Understanding Event Classes

Zenoss event classes are a simple organizational structure for the different types of events that Zenoss generates and receives. This organization is useful for driving alerting and reporting. You can, for example, create an alerting rule that sends you an email or pages you when the availability of a Web site or page is affected by filtering on the /Status/Web event class^[2].

Creating Events

It is possible to create custom events using different methods available. When creating events, there are some fields that are available to provide more information about the event. The basic event fields are:

  1. device
  2. severity
  3. summary
  4. ipAddress
  5. eventState
  6. message
  7. evid

The device field is a free-form text field that allows up to 128 characters. Zenoss accepts any value for this field, including devices that are not in the database. If the device field contains an IP address, then Zenoss queries the database for devices with a matching address. If it finds a match, it changes the device field to the found device name.

The ipAddress field is a free-form text field that allows up to 15 characters. This field is not required. If Zenoss cannot successfully locate a device based on the event's device field content, it attempts to find the device based the event ipAddress field content, if present.

~> To create an event the event must contain values for the Device, Severity, and Summary fields. If an event is missing any of these fields, then Zenoss rejects it.

Using Zensendevent

zensendevent is a Zenoss command line tool that can easily create events in Zenoss. The following are the usage options for zensendevent:

Usage: zensendevent [options] summary

  -h, --help            show this help message and exit
  -d DEVICE, --device=DEVICE
                        device from which this event is sent, default:
                        Ip from which this event was sent, default:
  -y EVENTKEY, --eventkey=EVENTKEY
                        eventKey to be used, default:
  -p COMPONENT, --component=COMPONENT
                        component from which this event is sent, default: ''
                        eventClassKey for this event, default: ''
  -s SEVERITY, --severity=SEVERITY
                        severity of this event: Critical, Error, Warn, Info,
                        Debug, Clear
  -c EVENTCLASS, --eventclass=EVENTCLASS
                        event class for this event, default: ''
  --monitor=MONITOR     monitor from which this event came
  --port=PORT           xmlrpc server port, default: 8081
  --server=SERVER       xmlrpc server, default: localhost
  --auth=AUTH           xmlrpc server auth, default: admin:zenoss
  -o OTHER, --other=OTHER
                        Specify other event_field=value arguments. Can be
                        specified more than once.
                        Import events from XML file.
  -v                    Show the event data sent to Zenoss.

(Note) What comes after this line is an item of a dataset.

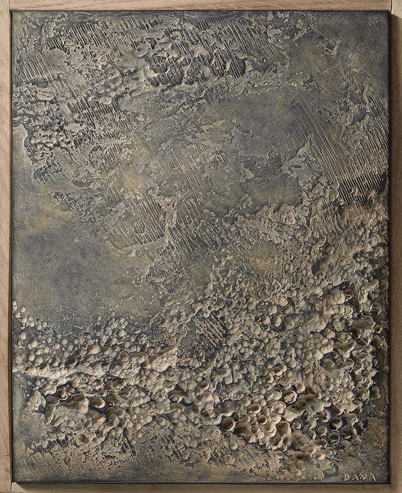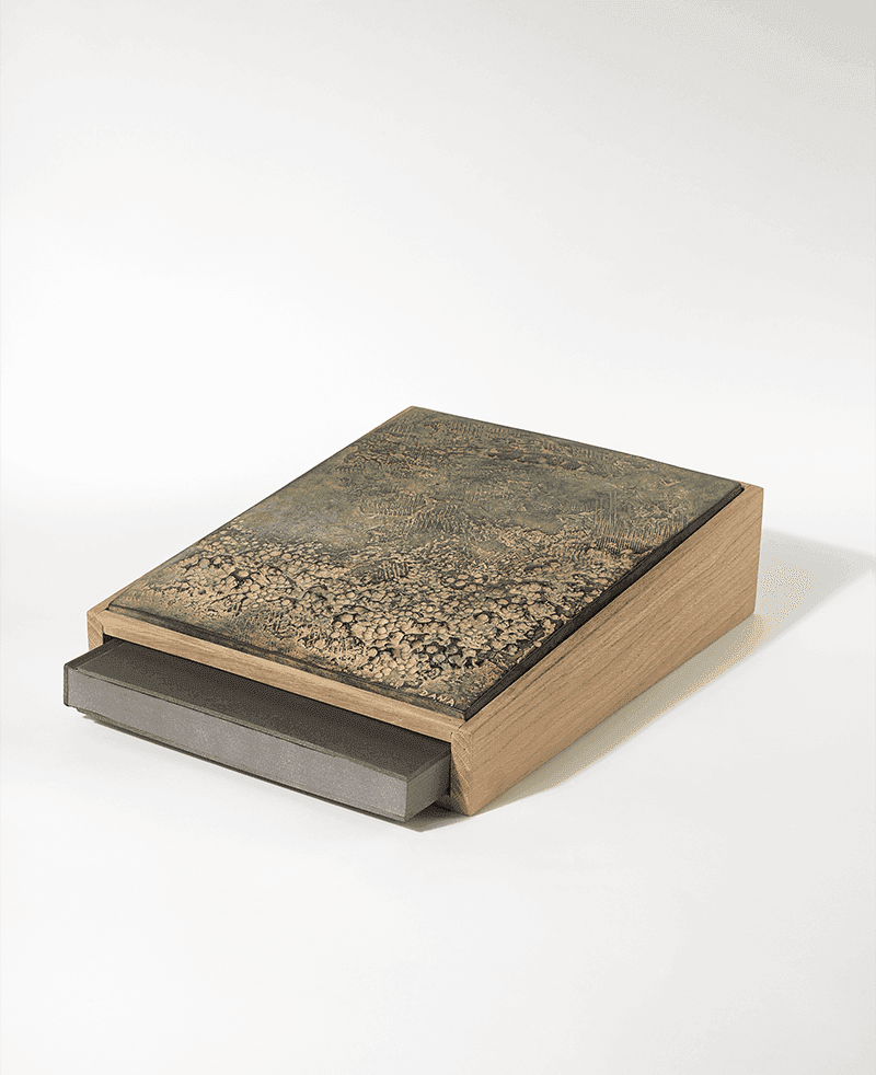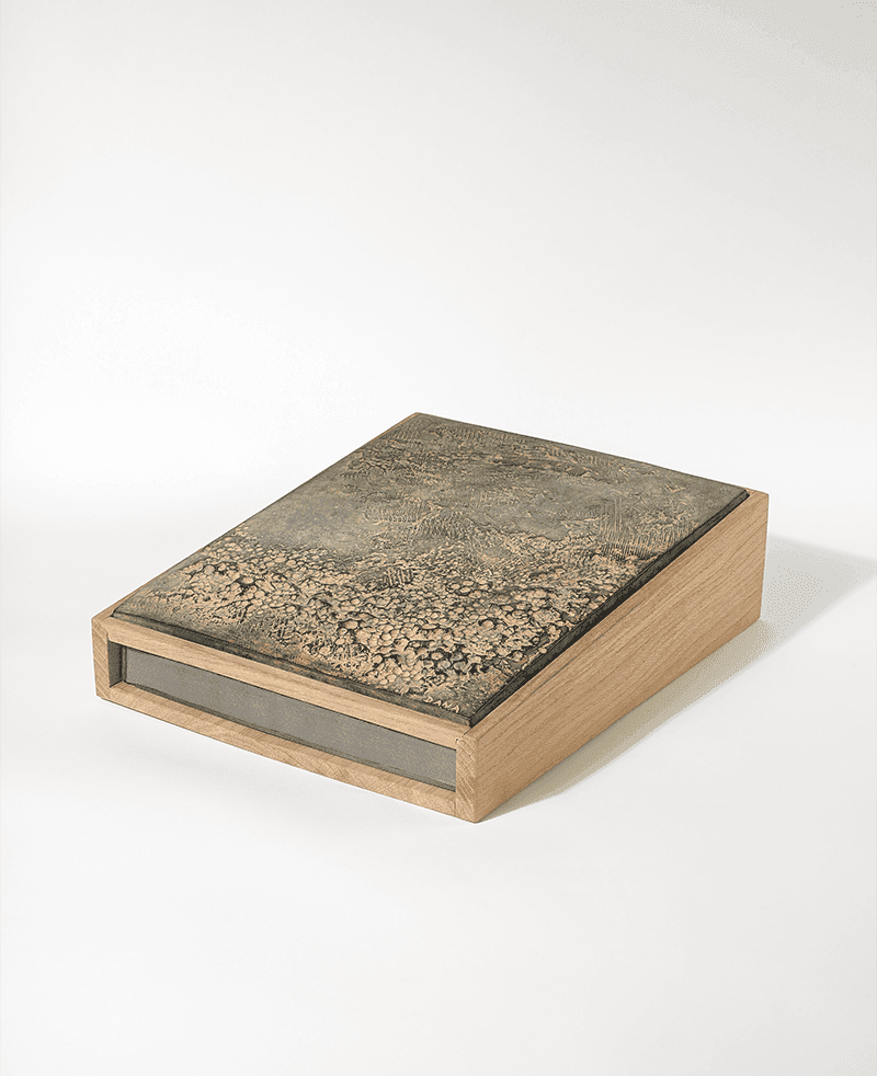 A book object, composed of a bronze relief set into the top of an oak box. The book slides inside the box.

With that information, we can easily generate an event (the command must be used by the zenoss user):

zensendevent -s Critical -c /Status/Ping -p servermond -d CCMA05103 Testing zensendevent...

Where -p stands for component. In this case, we are specifying a custom daemon as the component.

This will effectively create the event, and we can see it in the Zenoss user interface event's list:

Zensendevent Event

Using an Event Service

Inside zendmd or in our Python code we can use an Event Service to send events. For example, we could make a custom daemon send an event from within the doTask method:

# Other imports here...
from Products.ZenEvents.ZenEventClasses import Error, Critical, Clear

# ...
class MyDaemonTask(ObservableMixin):
    # ...
    def dotask(self):
        # Use the daemon's Event Service
            summary='Event Test...',
            message='Event Test...',

Notice that we are first importing the available event severities so that we can later pass one as the severity parameter. You can take a look at the Python file where these severities are defined in $ZENHOME/Products/ZenEvents/

Using the JSON API

It is also possible to manipulate events using the Zenoss JSON API. This can be done using cURL or other language wrappers around the API.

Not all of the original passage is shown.